Presumably if you're outdoors you have some OK lighting, so why not the Canon 100-400? Gives you more reach for your birds/animals, and on the 40D you'll actually get even more reach due to the real field of view. Might end up being a bit too long if you're right at the sidelines and the action comes right up to you, but you'd probably still have that problem at 70mm. Use one body with the 100-400, and the other with a 24-70 or 24-105 or similar focal lengths for when they come up close.


----------



## Alrik89 (Jul 17, 2013)

Because i've got round about 300 bucks, not 1.000.


----------



## RLPhoto (Jul 17, 2013)

55-250.


----------



## Alrik89 (Jul 17, 2013)

RLPhoto said:


> 55-250.



I prefer EF-Lenses.


----------



## neuroanatomist (Jul 17, 2013)

RLPhoto said:


> 55-250.



Yep, that'll work well on the OP's 1DsII. :


----------



## RLPhoto (Jul 17, 2013)

Alrik89 said:


> RLPhoto said:
> 
> 
> > 55-250.
> ...



Might as well get that reach out of your 40D for cheap. :

http://compare.ebay.com/like/181133719388?var=lv&ltyp=AllFixedPriceItemTypes&var=sbar


----------



## KyleSTL (Jul 17, 2013)

I would go with the 70-210mm f/3.5-4.5 USM or 100-300mm f/4.5-5.6 USM. Compared to the 70-300mm f/4-5.6 IS, both have very similar IQ, considerably faster AF (because of the Ring USM), and a much lower price (typically $120-160 each in the US for either vs. $360 or $550 for the 70-300mm in used and new, respectively).


----------



## jthomson (Jul 17, 2013)

Alrik89 said:


> Which one to choose? The cheaper Tamron or the Canon with the better optics?

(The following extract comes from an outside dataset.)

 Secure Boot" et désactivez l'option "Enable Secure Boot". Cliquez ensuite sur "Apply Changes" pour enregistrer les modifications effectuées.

Actually the Tamron is cheaper and has better optics than the Canon 70-300mm.
See the Photozone review. http://www.photozone.de/canon-eos/592-tamron70300f456vceosapsc?start=1
Its a no brainer get the Tamron 70-300mm USD VC.


----------



## Alrik89 (Jul 17, 2013)

jthomson said:


> Alrik89 said:
> 
> 
> > Which one to choose? The cheaper Tamron or the Canon with the better optics?
> ...



i know this test. but the-digital-picture comes to another conclusion. That leaves me confused.


----------



## Ryan708 (Jul 17, 2013)

skip the tamron. F#$%ng photozone reveiw is BS. the tamron sucks. the AF is kinda nice and quiet and all, but does hunt sometimes, and the colors are very flat. My father-in-law can take a better shot of a distant subject(sharper) with his 70-200 2.8 ii on his 30D(cropped) than my 70-300 on my 60D. I sent it to tamron to be fixed, and they "adjusted" it and it is now a smidge better but nothing exciting. Go canon or save money and get the sigma 70-300, i tryed one in a local store and it was better than my tamron.


----------



## Sporgon (Jul 17, 2013)

The EF 70-300 USM (non L) has a number of cards up it's sleeve. 

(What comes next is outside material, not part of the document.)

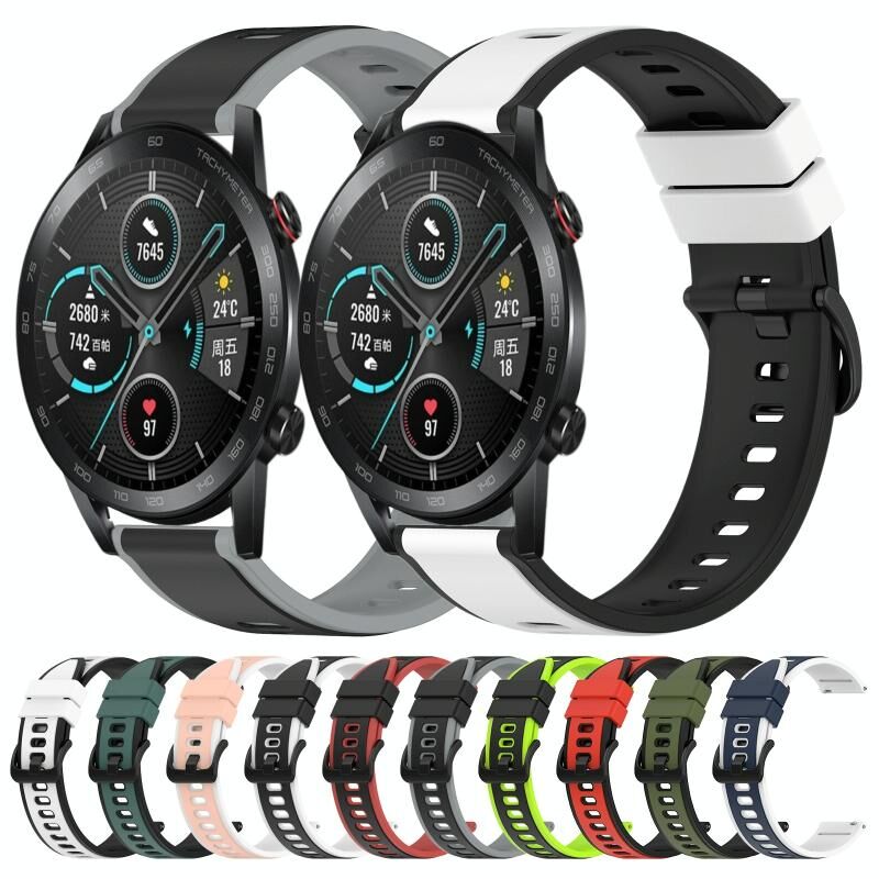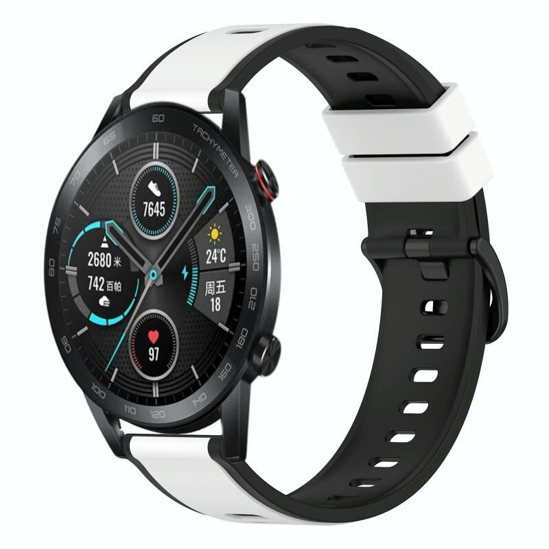 Για Honor Magic Watch 2 46mm 22mm Δύο χρωμάτων σιλικόνης ρολόι μπάντα ρολογιού (λευκό + μαύρο)

Firstly it is excellent in it's own right at 70 to about 115. It puts the 24-105 L to shame in the 70-105 range for example. The Tamron can't match this. 

Secondly it remains very sharp in the (very) centre at 200 - 300. Again the Tamron can't match this. 

However the Tamron is _much _better mid frame at this range. Infact the Canon is that bad mid frame at the longest lengths that it becomes a soft focus lens and does bizarre things with whites. 

So the Canon does at least offer excellence in the very centre at longer lengths, the Tamron does not, but it does offer a modest resolution across the frame. A stop or two in applies to all the above. Use either of them wide open at 300 and you might as well use a Coke bottle bottom.


----------



## paul13walnut5 (Jul 17, 2013)

Buy used.

A Canon 200mm f2.8L prime (only difference between v1 and current v2 is the hood type)

A used Sigma 70-200 f2.8 DG EX (non-OS)

I had the 70-300 IS. Good optically, terrible construction, complete with rotating focus ring, extending tube and wobbly tube when it extends, IS was very noisy too, although I did get some images I was quite happy with.


----------



## Fuzzy Caveman (Jul 20, 2013)

paul13walnut5 said:


> Buy used.
> 
> A Canon 200mm f2.8L prime (only difference between v1 and current v2 is the hood type)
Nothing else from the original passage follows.